It should be understood that features in embodiments of the method described in connection with fig. 1 may also be applied to embodiments of the method described in connection with fig. 4 without creating conflicts.

Fig. 5 shows a block diagram of an apparatus 50 for detecting object relations from pictures according to another exemplary embodiment of the present application.

As shown in fig. 5, the apparatus 50 for detecting object relationship from pictures may include an object detection module 51, an object pairing module 52, a feature generation module 53, and a relationship detection module 54.

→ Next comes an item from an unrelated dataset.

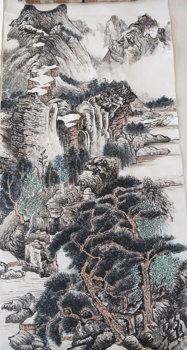 刚开始学习现代山水画,总感觉很难从古代山水画中过度过来,慢慢的在老师的指导下,有了一定的进步。画画一定要多读,多看,多画。看他们是怎样用笔的,怎样用墨的,怎样画树石烟云的,怎样布局的等。一幅好的山水画意境是很高的,而意境是中国绘画发展中特有的一个美学观念,是山水画艺术表现的审美核心,也是构成艺术审美不可或缺的重要因素。

The object detection module 51 detects a plurality of objects in the picture, and obtains picture region features and position layout features of each object. The object pairing module 52 pairs the objects detected in the pictures to obtain candidate host-guest pairs, each candidate host-guest pair including paired picture region features of the subject object and picture region features of the object. The feature generation module 53 generates the picture feature of the relational predicate based on the picture region feature of the subject object and the picture region feature of the object in the candidate subject pair, and the position layout features of the subject object and the object. The relationship detection module 54 detects the positional relationship of the plurality of objects based on the characteristic information including: the picture region characteristics of the subject object, the picture region characteristics of the object, and the picture characteristics of the relational predicate.

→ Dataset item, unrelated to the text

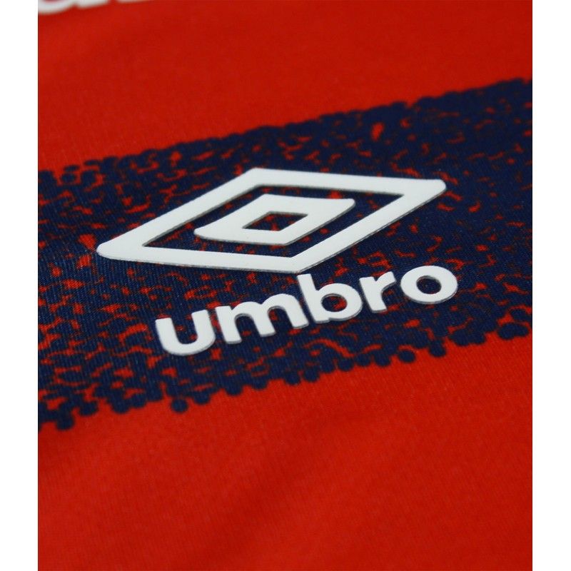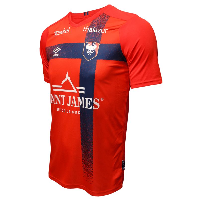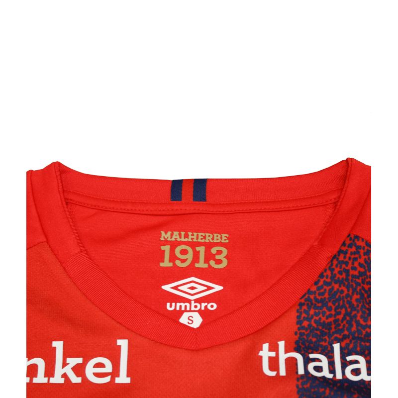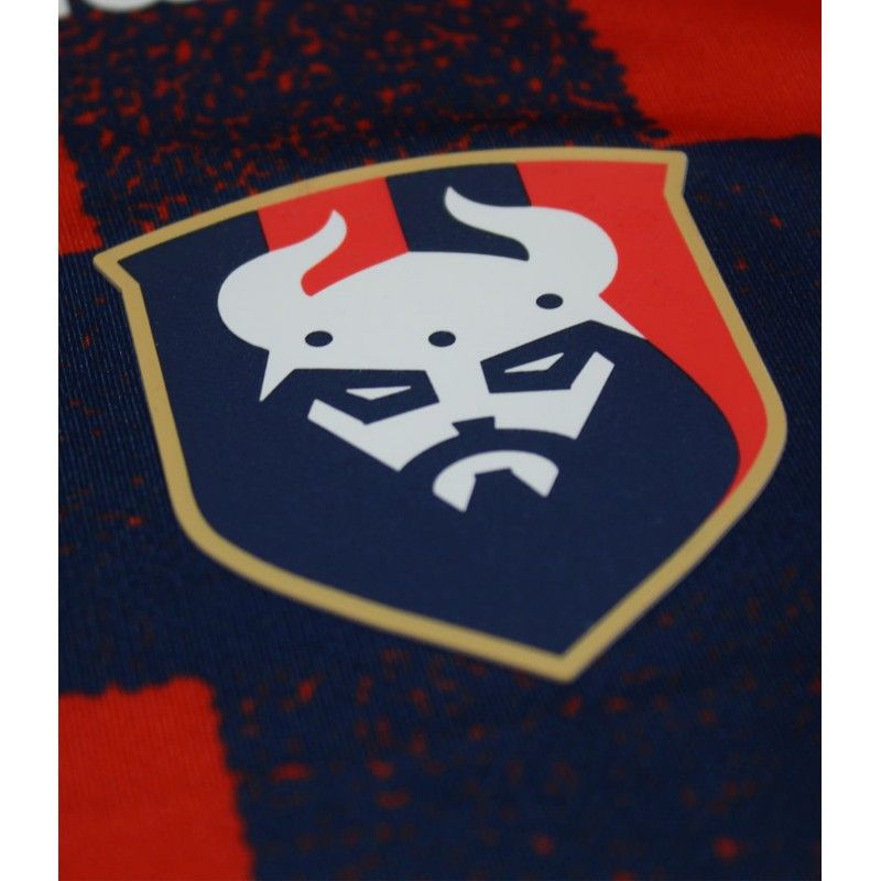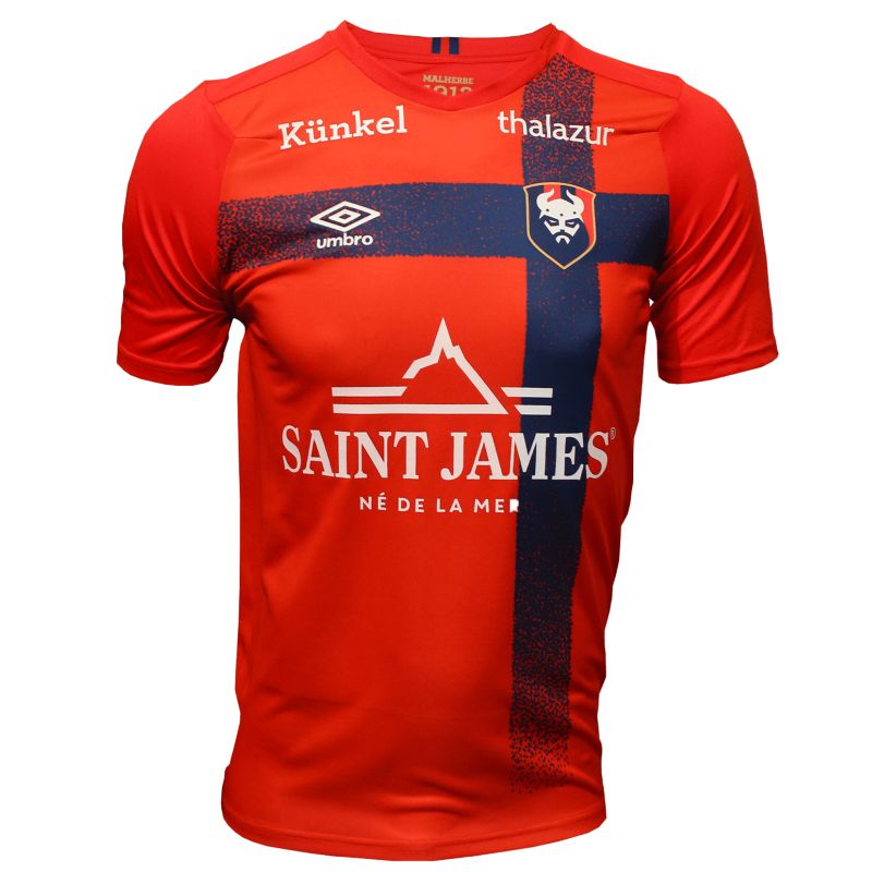 The red shirt has a focal point of the distressed blue cross which has its intersection behind the modern, full-colour crest. Despite the colouring, the shirt design is designed to evoke the St George’s Cross, with the thinking being that it is both the symbol of England, from which manufacturer Umbro hails, and of Normandy, where Caen is located.

In the method according to the above embodiment, the picture region characteristics may include at least information indicating appearance characteristics of the object, and the position layout characteristics may include information indicating a positional relationship of the subject object and the object in the picture.

According to the above embodiment, balanced and effective prediction and detection of different types of relational predicates can be achieved by using two mutually complementary information sources, i.e., the picture region characteristics of the subject object and the object, and the position layout characteristics of the subject object and the object.

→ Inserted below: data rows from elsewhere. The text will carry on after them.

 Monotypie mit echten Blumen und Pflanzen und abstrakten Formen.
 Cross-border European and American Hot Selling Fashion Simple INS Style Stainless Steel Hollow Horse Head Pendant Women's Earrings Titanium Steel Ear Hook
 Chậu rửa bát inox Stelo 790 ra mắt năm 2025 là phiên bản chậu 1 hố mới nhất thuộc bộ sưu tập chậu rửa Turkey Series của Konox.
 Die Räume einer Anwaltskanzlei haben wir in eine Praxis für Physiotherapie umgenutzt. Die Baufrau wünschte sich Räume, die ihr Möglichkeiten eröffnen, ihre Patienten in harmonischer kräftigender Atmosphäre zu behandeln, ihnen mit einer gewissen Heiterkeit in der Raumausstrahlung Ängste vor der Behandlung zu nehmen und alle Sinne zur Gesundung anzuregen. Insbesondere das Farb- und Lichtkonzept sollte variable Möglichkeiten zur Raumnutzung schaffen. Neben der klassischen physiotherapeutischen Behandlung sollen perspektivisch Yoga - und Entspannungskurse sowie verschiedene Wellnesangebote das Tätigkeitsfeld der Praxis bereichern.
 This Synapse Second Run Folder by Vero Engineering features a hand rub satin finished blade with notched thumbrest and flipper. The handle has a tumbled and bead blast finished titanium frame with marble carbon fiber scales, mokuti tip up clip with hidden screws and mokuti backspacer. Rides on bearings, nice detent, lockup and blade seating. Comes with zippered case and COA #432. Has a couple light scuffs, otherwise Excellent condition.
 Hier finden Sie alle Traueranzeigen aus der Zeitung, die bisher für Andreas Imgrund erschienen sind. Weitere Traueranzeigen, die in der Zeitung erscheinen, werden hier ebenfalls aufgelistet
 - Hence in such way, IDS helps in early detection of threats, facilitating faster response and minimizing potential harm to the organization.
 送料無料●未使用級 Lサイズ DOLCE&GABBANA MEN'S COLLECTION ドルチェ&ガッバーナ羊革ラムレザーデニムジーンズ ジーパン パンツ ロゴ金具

In an exemplary embodiment, the relationship detection module may detect the position relationships of the plurality of objects sequentially through N sub-neural networks according to the feature information, and use a detection result of the nth sub-neural network as a final detection result of the relationship of the objects in the picture, where: the 1 st sub-neural network detects the position relation of the plurality of objects according to the characteristic information; the nth sub-neural network detects the position relations of the plurality of objects again according to the characteristic information and the detection result of the (n-1) th sub-neural network; n is an integer greater than 1, and N is an integer greater than 1 and less than or equal to N. Therefore, the accuracy of relation detection is improved through the multi-stage prediction of the N sub-neural networks.

In an exemplary embodiment, the feature generation module may include integrating picture region features of the subject object and the object and position layout features of the subject object and the object to generate the picture features of the relational predicate. For example, the integration includes direct combination or combined post-compression.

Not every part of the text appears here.